11 de septiembre de 2008

Cañaveral

Junto a Manuel, Fenicio y Alcazar solía pasar tardes enteras proyectando ocurrencias en el terreno baldío de Garzuaga y Moreno, la esquina roja le llamaba el lechero, rostizado por el Sol del verano seco. En el pueblo no eran tantas las esquinas rojas. No eran tantos los amigos ni los parientes. La zona sur, elevada unos metros siempre adquiere a fines de verano un color mas intenso y apagado. Las oscuras veredas y la grava negra en las calles desenvuelven un ambiente por sobre todo caluroso hasta altas horas, los insectos prefieren el sur. Y nosotros eramos el sur.

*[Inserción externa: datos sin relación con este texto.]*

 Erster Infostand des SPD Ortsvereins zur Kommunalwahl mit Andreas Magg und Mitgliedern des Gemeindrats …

El baldío tapialado nos ocultaba de las miradas impetuosas que nos perturbarian cuando hacíamos pequeños fuegos donde prendíamos cigarrillos robados, el baldío nos aislaba. Hay, todavía, un cañaveral medio destrozado. Madera, arma, escondite, un ser, el cañaveral. El paredón daba hacia el norte, fue ahí donde decidimos instalar los tres palos.

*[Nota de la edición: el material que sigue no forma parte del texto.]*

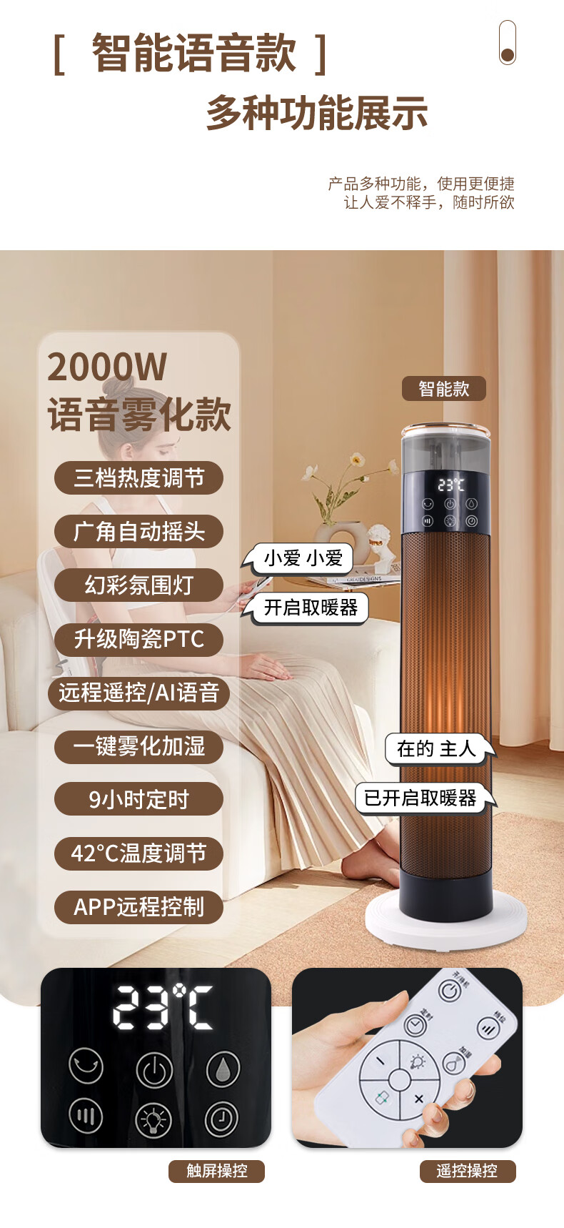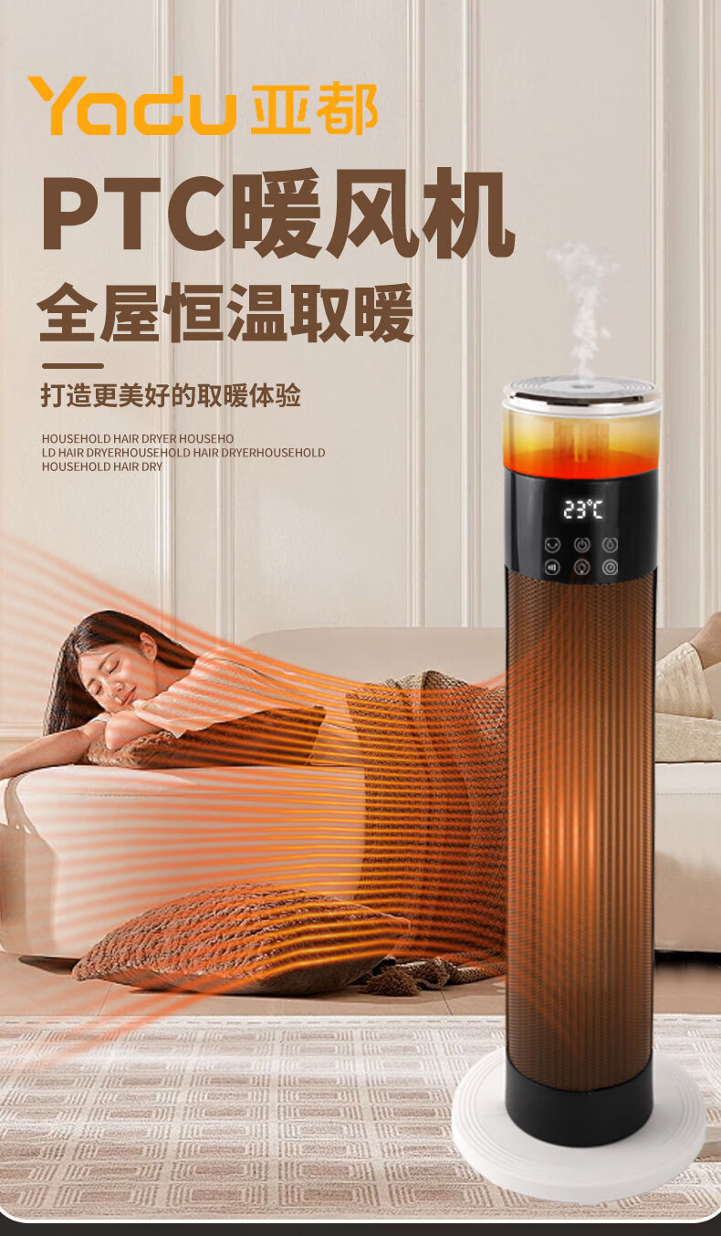 亚都(YADU)亚都取暖器家用石墨烯暖风机立式电暖气浴室电暖风塔式热风机速热暖风扇摇头电暖器烤火炉 经典遥控爆款2米加长线(取暖器+加湿器)

Llegamos y saqué la pelota de la mochila. Estaba todo tan asquerosamente embarrado con tierra podrida que nos escupimos con Fenicio. Mi mochila hedía tanto como yo, se que ese olor ya es parte de mi conciencia, si lo volviera a encontrar indudablemente retrotraería mis pensamientos hacia una penosa infancia temprana. Alcazar tomó la pelota de mis manos y empezó a patearla dando carcajadas, la levantaba y la cabeceaba y se le caían las lágrimas. La pateó hacia donde Manuel intentaba acomodar la bicicleta nueva que se le desinfló en el camino. Salió por la pequeña puerta entrando a la calle, y él salió tras ella. Los ruidos, unos sobre los otros, de las cuatro ruedas derrapando sobre las piedritas negras fue el motor que impulsó su cuello al levantar la cabeza. Ráfagas de balas fue lo que siguió, un comandante del grupo Intres estaba en la zona y los Reinas lo identificaron, no podían quedar testigos, debíamos estar aislados.